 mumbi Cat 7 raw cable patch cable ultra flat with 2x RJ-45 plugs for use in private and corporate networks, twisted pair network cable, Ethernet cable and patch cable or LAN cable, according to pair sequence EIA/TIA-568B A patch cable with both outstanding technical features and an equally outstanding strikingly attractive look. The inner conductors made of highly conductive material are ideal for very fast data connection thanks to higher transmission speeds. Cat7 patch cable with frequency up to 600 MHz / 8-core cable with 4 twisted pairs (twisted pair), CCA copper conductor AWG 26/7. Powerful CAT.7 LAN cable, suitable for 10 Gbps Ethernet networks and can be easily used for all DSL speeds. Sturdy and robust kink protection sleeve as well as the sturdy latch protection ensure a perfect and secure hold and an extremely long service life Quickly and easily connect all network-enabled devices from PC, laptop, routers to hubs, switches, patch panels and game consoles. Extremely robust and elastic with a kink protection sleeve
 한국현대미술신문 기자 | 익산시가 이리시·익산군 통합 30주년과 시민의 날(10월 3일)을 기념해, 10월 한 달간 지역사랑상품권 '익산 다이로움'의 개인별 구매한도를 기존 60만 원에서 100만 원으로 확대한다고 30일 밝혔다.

+ + + +

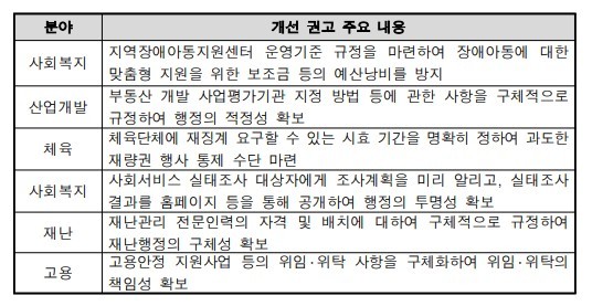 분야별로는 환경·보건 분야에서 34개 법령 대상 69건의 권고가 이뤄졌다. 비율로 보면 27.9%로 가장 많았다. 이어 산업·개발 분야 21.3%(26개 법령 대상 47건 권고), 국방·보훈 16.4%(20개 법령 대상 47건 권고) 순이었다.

+ + + +

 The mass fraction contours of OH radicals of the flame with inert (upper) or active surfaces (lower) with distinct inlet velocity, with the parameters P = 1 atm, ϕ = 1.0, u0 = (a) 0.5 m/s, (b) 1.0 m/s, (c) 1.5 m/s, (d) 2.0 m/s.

+ + + +

**TASK GOAL**
A bare number is the whole answer: how many lines in the entries contain "with"?

**TASK RESULT**
2